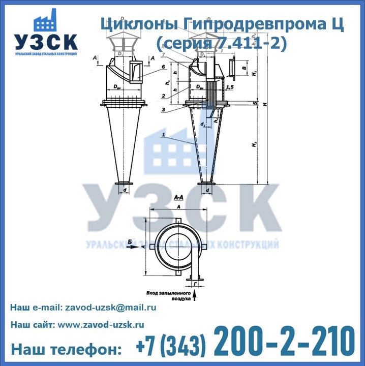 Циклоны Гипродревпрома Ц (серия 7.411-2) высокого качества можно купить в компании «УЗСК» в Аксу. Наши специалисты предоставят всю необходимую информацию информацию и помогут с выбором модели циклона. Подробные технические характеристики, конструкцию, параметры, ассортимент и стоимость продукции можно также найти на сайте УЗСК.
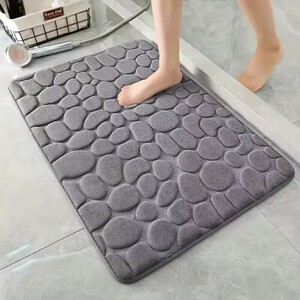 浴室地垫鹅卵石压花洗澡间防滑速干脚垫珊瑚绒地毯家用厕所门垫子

* * *

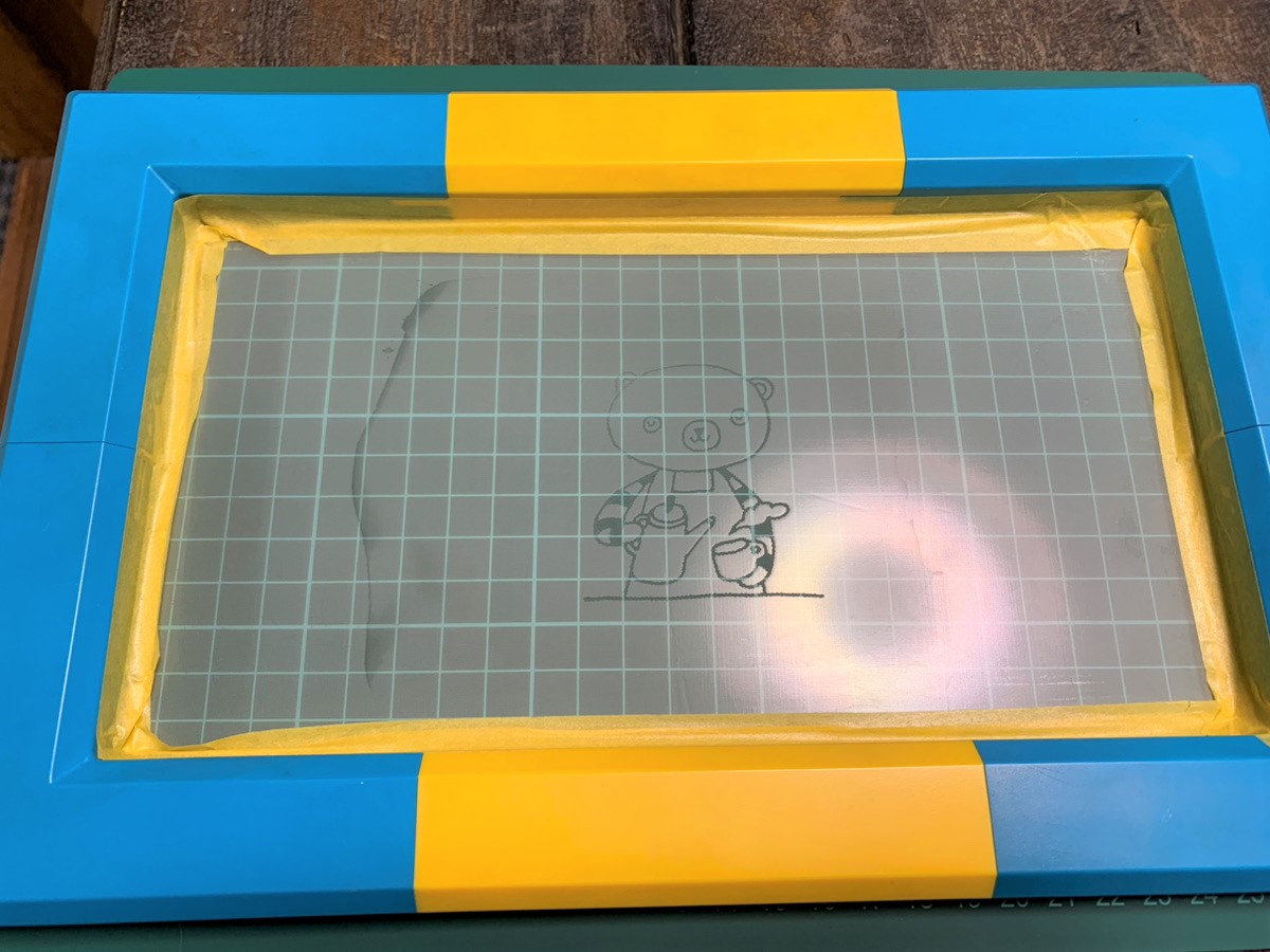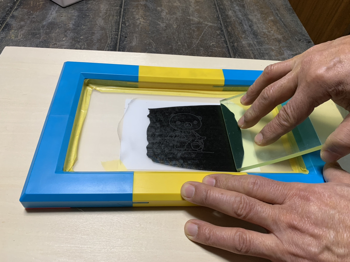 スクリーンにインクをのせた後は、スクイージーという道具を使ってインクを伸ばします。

...

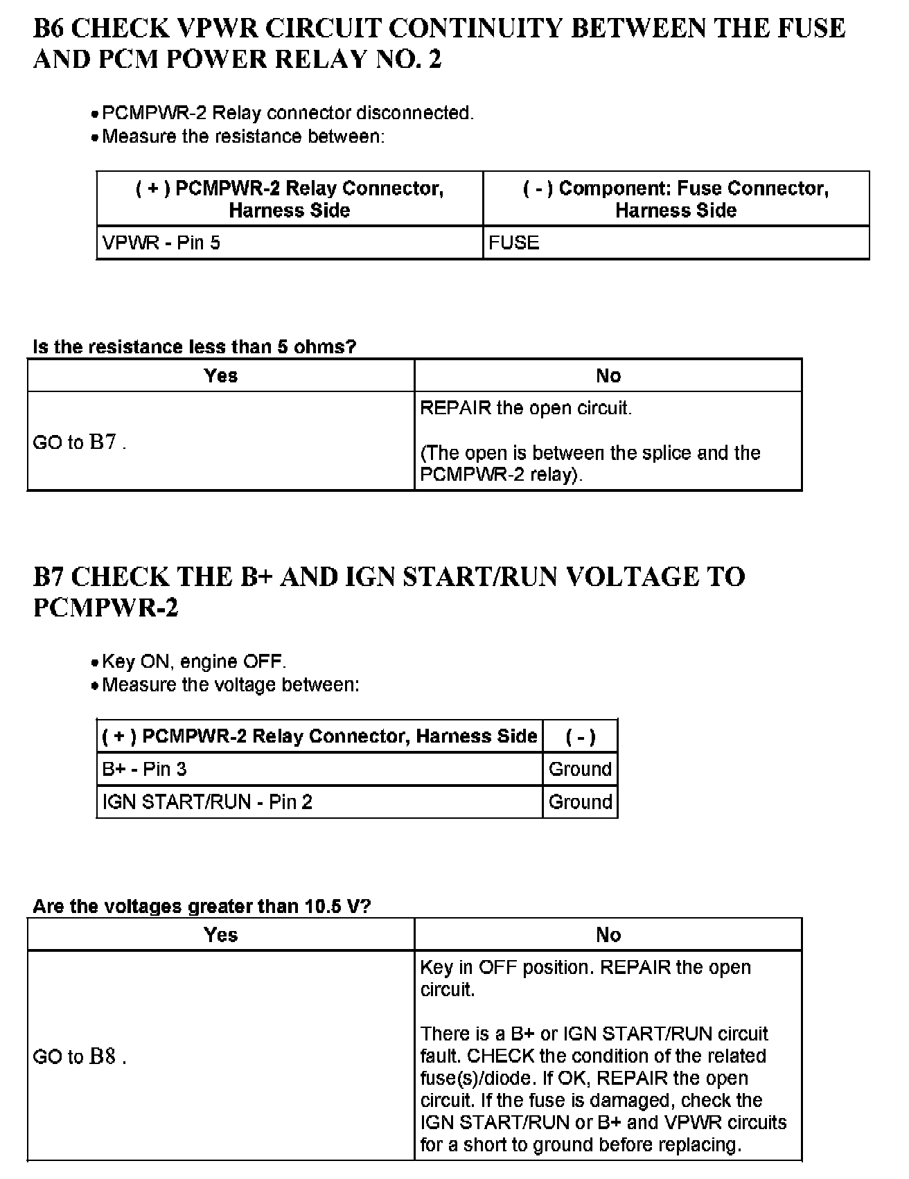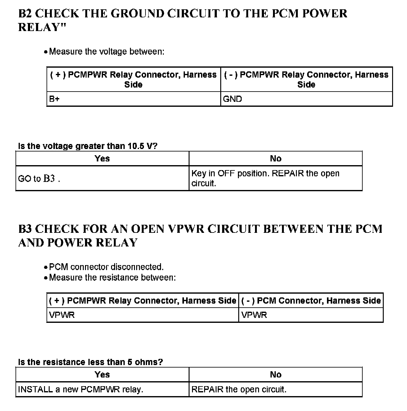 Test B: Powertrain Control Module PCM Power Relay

TASK PROMPT - Starting at the line with "Циклоны Гипродревпрома Ц" and finishing at the line with "浴室地垫鹅卵石压花洗澡间防滑速干脚垫珊瑚绒地毯家用厕所门垫子", copy the material above exactly, both lines included. Nothing else goes in, and no pictures.

EXERCISE SOLUTION -
 Циклоны Гипродревпрома Ц (серия 7.411-2) высокого качества можно купить в компании «УЗСК» в Аксу. Наши специалисты предоставят всю необходимую информацию информацию и помогут с выбором модели циклона. Подробные технические характеристики, конструкцию, параметры, ассортимент и стоимость продукции можно также найти на сайте УЗСК.
 浴室地垫鹅卵石压花洗澡间防滑速干脚垫珊瑚绒地毯家用厕所门垫子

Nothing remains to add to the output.